== Material for this task ==
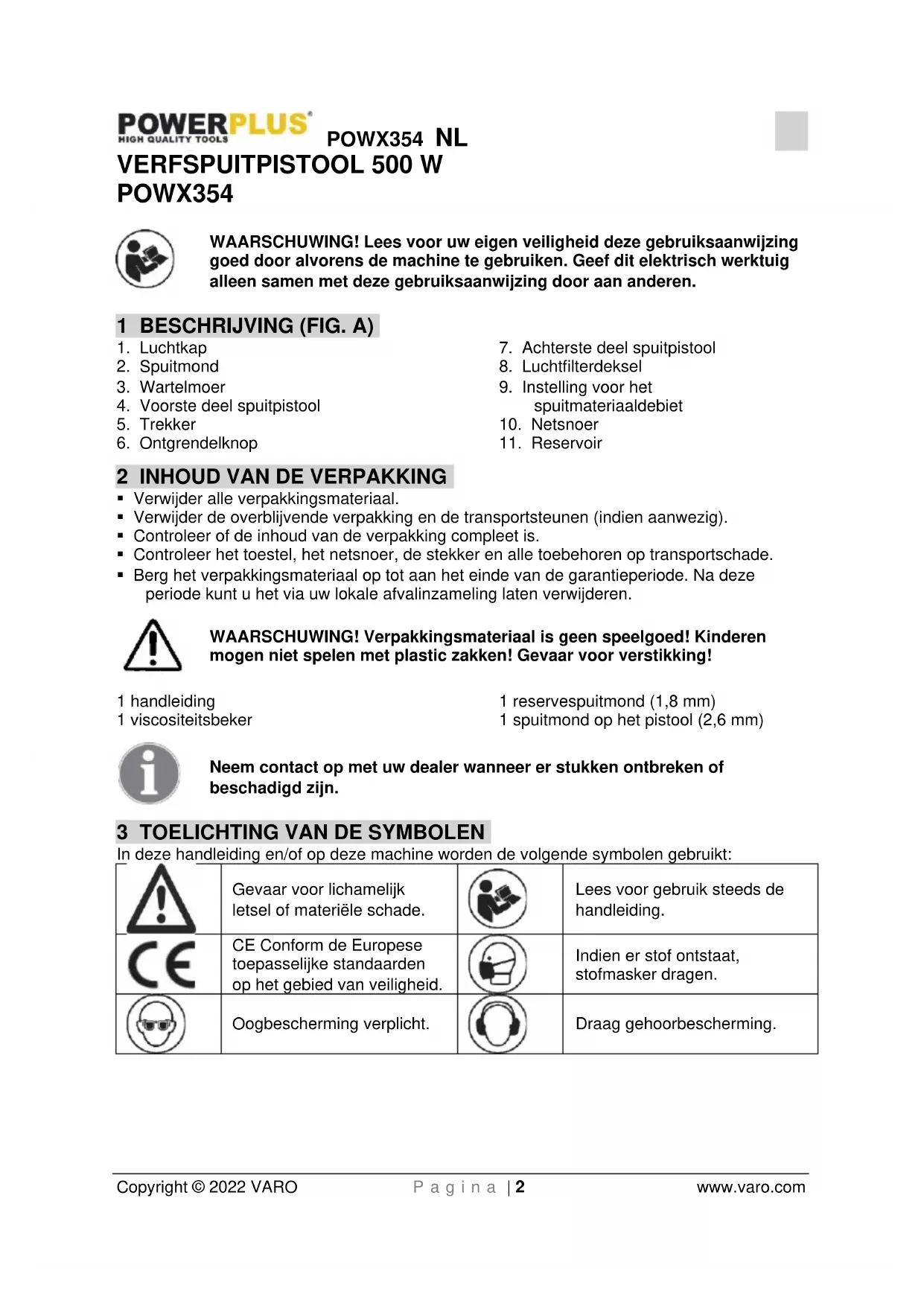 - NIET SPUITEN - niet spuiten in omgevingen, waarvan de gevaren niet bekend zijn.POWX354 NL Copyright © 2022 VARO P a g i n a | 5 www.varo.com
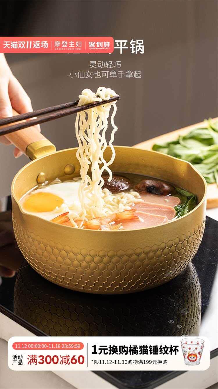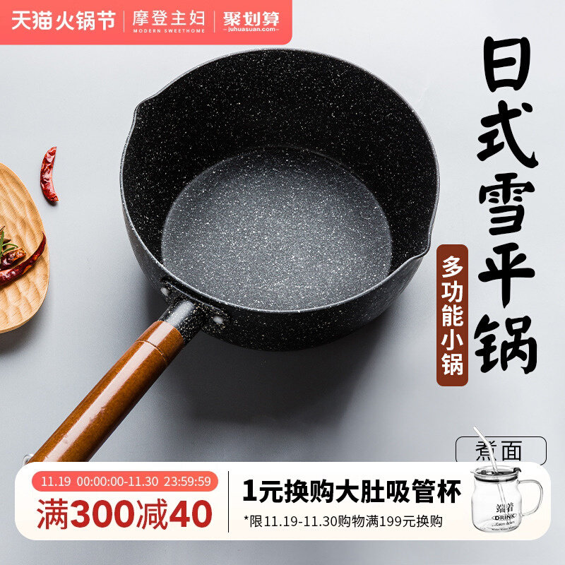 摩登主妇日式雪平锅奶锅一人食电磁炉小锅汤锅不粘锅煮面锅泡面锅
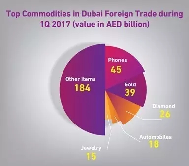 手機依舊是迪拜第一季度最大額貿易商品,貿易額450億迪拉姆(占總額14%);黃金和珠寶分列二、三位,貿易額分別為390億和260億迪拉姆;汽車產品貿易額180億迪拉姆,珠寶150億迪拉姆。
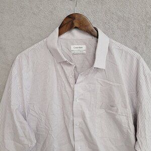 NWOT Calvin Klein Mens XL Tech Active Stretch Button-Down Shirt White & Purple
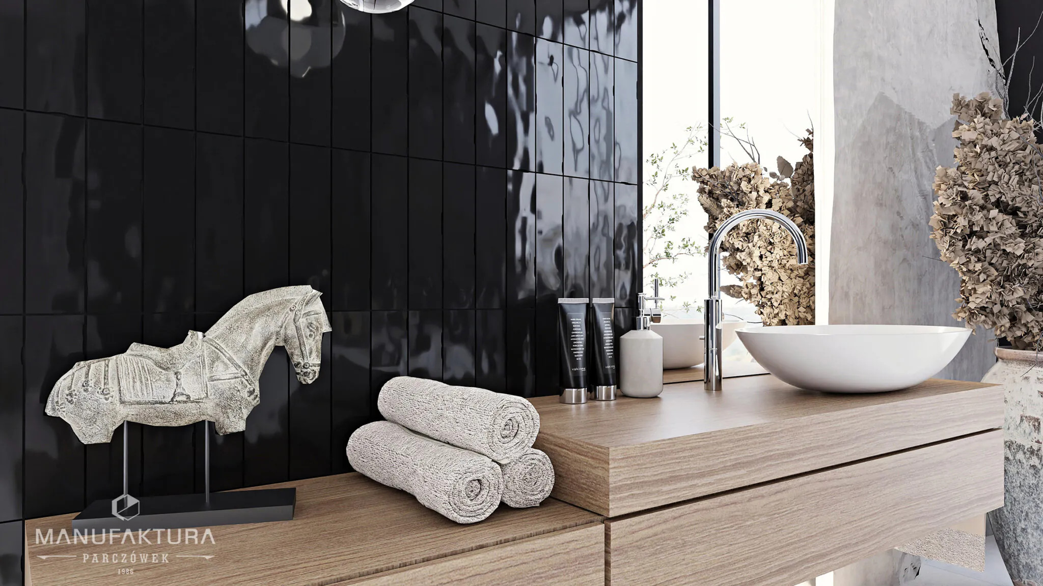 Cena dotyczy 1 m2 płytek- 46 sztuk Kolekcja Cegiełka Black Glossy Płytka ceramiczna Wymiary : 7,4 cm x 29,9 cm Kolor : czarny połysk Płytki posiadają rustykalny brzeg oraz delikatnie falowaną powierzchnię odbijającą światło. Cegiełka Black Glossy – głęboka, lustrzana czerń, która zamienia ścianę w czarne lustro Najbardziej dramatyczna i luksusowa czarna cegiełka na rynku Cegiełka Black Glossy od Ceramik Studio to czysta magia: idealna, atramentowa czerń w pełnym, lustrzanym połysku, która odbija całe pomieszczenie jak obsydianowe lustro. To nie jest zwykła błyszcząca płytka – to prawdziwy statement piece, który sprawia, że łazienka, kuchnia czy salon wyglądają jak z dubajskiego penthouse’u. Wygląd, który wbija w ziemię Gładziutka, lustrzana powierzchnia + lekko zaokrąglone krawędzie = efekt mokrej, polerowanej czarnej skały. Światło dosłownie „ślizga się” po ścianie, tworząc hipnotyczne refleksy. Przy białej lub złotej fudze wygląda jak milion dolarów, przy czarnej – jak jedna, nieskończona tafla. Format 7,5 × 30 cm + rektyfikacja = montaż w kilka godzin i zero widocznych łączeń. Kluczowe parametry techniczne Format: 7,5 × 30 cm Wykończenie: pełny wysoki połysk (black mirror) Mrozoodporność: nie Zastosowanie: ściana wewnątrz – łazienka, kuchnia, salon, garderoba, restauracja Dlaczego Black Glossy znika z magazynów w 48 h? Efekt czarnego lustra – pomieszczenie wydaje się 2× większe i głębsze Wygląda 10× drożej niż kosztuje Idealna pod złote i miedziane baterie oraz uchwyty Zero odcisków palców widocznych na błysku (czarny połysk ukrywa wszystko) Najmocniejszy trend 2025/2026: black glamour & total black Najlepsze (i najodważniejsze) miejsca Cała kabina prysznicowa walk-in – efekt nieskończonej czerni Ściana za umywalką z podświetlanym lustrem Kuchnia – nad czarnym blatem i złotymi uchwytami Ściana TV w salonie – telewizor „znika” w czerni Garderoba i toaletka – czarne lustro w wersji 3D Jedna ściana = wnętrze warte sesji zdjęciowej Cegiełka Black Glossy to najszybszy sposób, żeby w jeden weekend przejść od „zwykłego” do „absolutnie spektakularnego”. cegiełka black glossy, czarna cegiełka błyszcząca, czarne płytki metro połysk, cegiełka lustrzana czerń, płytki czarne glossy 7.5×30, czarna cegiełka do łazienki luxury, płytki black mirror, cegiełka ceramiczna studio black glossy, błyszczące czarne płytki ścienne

== Goal of the exercise ==
The required output is a verbatim repetition of the lines from the opening of the entries above through the line containing "NWOT Calvin Klein", inclusive, with no pictures and nothing else.

== Your solution ==
 - NIET SPUITEN - niet spuiten in omgevingen, waarvan de gevaren niet bekend zijn.POWX354 NL Copyright © 2022 VARO P a g i n a | 5 www.varo.com
 摩登主妇日式雪平锅奶锅一人食电磁炉小锅汤锅不粘锅煮面锅泡面锅
 手機依舊是迪拜第一季度最大額貿易商品,貿易額450億迪拉姆(占總額14%);黃金和珠寶分列二、三位,貿易額分別為390億和260億迪拉姆;汽車產品貿易額180億迪拉姆,珠寶150億迪拉姆。
 NWOT Calvin Klein Mens XL Tech Active Stretch Button-Down Shirt White & Purple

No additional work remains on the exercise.